= Leffert Lefferts =

Leffert Lefferts (April 12, 1774 – March 22, 1847) was the first President of the Long Island Bank, the first bank in Brooklyn, New York.

==Early life==
Lefferts was born at the Bedford homestead on April 12, 1774. He was the son of Leffert Lefferts (1727–1804) and Dorothy (née Couwenhoven) Lefferts (1738–1816). The Lefferts family were an important family in the history of Brooklyn and were among the financiers of the State of New York.

He attended Columbia College in 1794.

==Career==
Lefferts, a Federalist, twice ran, unsuccessfully, for U.S. Congress, losing to his own cousin, John Lefferts, a Democratic-Republican, in 1813. He was also the first judge of Kings County. In 1824, Lefferts, along with Jehiel Jagger, Fanning C. Tucker, Jacob Hicks, Thomas Everitt Jr., founded the Long Island Bank, the first bank in Brooklyn, of which Lefferts served as president.

Judge Lefferts also owned substantial land holdings, which were managed by his son-in-law, James Carson Brevoort, who served as private secretary to Washington Irving when Irving was appointed as United States Minister to Spain in 1842. While members of his family owned slaves, including John Lefferts, Leffert himself did not, and instead, the 1830 census shows "three free people of color" living with members of his family.

==Personal life==
Lefferts was married to Maria Benson (1793–1875). Maria was the daughter of Dinah (née Couwenhoven) Benson and Lieutenant Colonel Robert Benson (1739–1823), Clerk of the New York State Senate. She was also the sister of New York City Alderman Egbert Benson and niece of U.S. Representative, Egbert Benson. Together, Maria and Leffert were the parents of:

- Elizabeth Dorothea Lefferts (1824–1896), who married James Carson Brevoort (1818–1887), a collector of rare books and coins, in 1845.
- Leffert Lefferts (1826–1827), who died young.

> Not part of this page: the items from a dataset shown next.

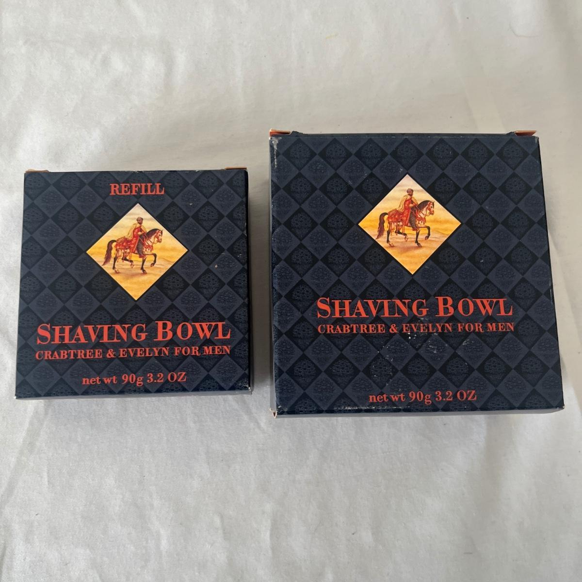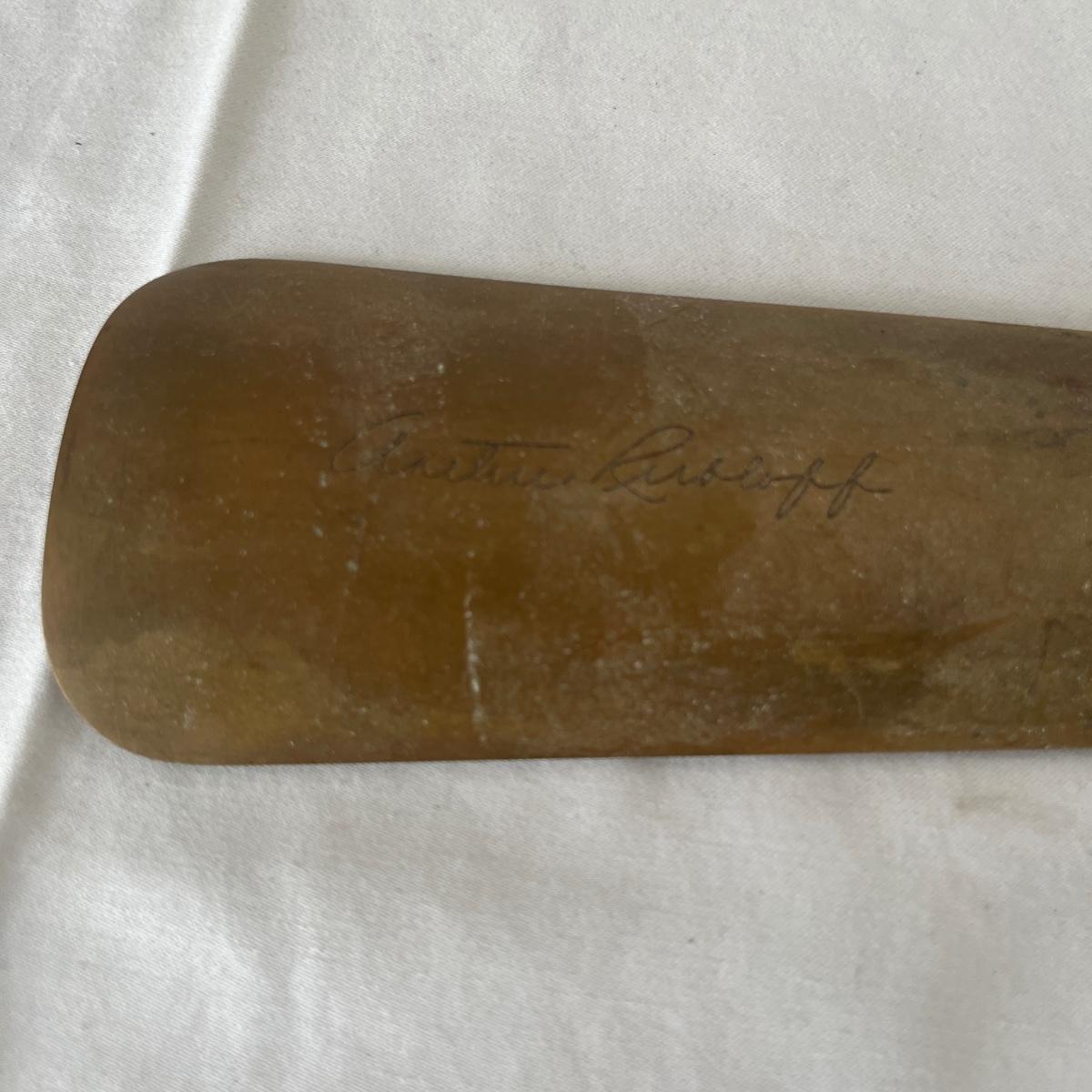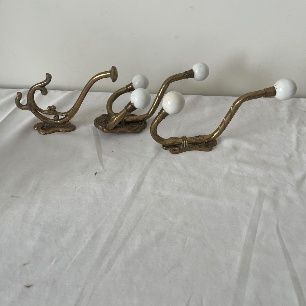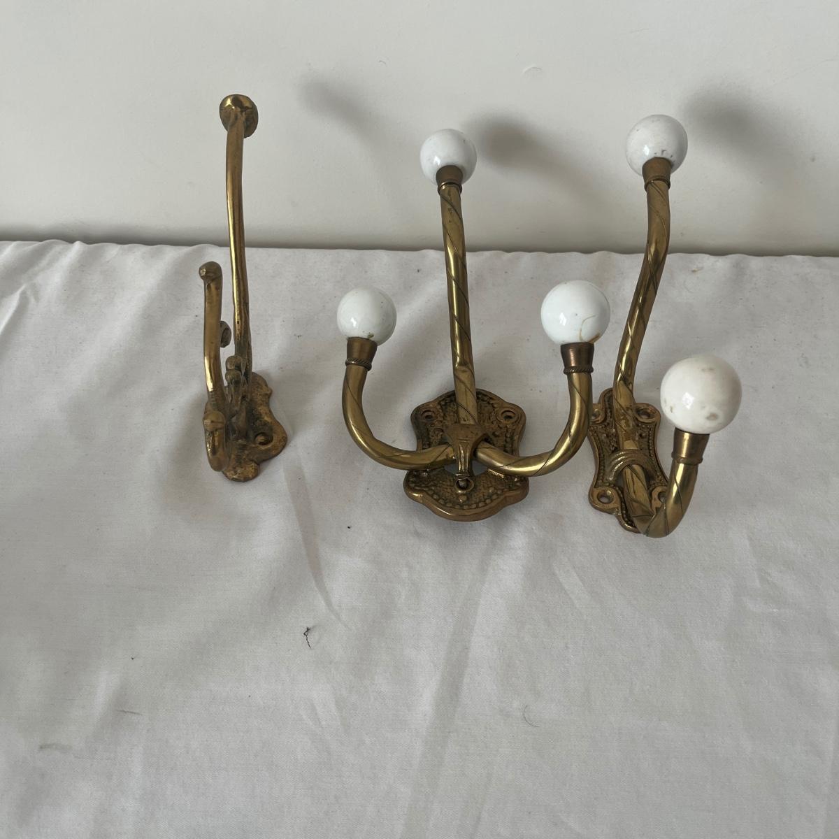 Lot includes a copper wall mount soap dish, brass razor handle and holder, brass Arthur Rubloff shoe horn, three brass wall mount coat hooks, leather tray, Crabtree & Evelyn shaving soap, bristle brush and a silver colored pair of cufflinks and a gold colored pair of cufflinks. Copper soap dish measures 5.5” x 6.5” x 9.5”H.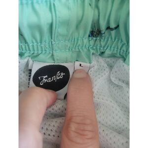 Franks Australian Swim Trunks. Franks shorts are made with super soft, lightweight and quick-dry fabric, featuring soft mesh lining and concealed side and back pockets. Made with high quality cotton rope andpremium trim. Size is Large, mid length. Approximate measurements in photos both stretched and un-stretched. Would fit a medium. Dragonfly's.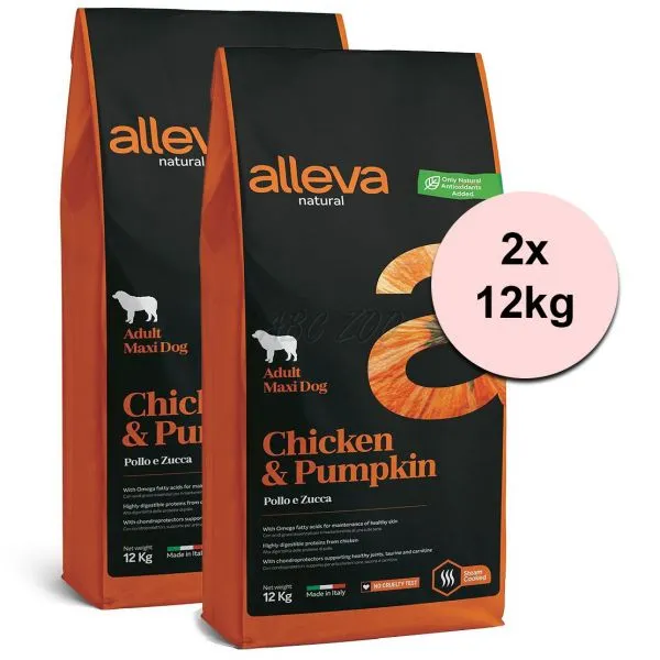 Alleva NATURAL dog chicken & pumpkin adult maxi 2 x 12 kg

Lefferts died on March 22, 1847. He is buried at Green-Wood Cemetery in Brooklyn.

===Descendants===
Through his daughter Elizabeth, he was the grandfather of Henry Lefferts Brevoort (1849–1895), who married Elizabeth Schermerhorn (1852–1928), a daughter of Alfred Schermerhorn and Elizabeth (née Barnewall) Schermerhorn (sister of Louisa Barnewall Van Rensselaer).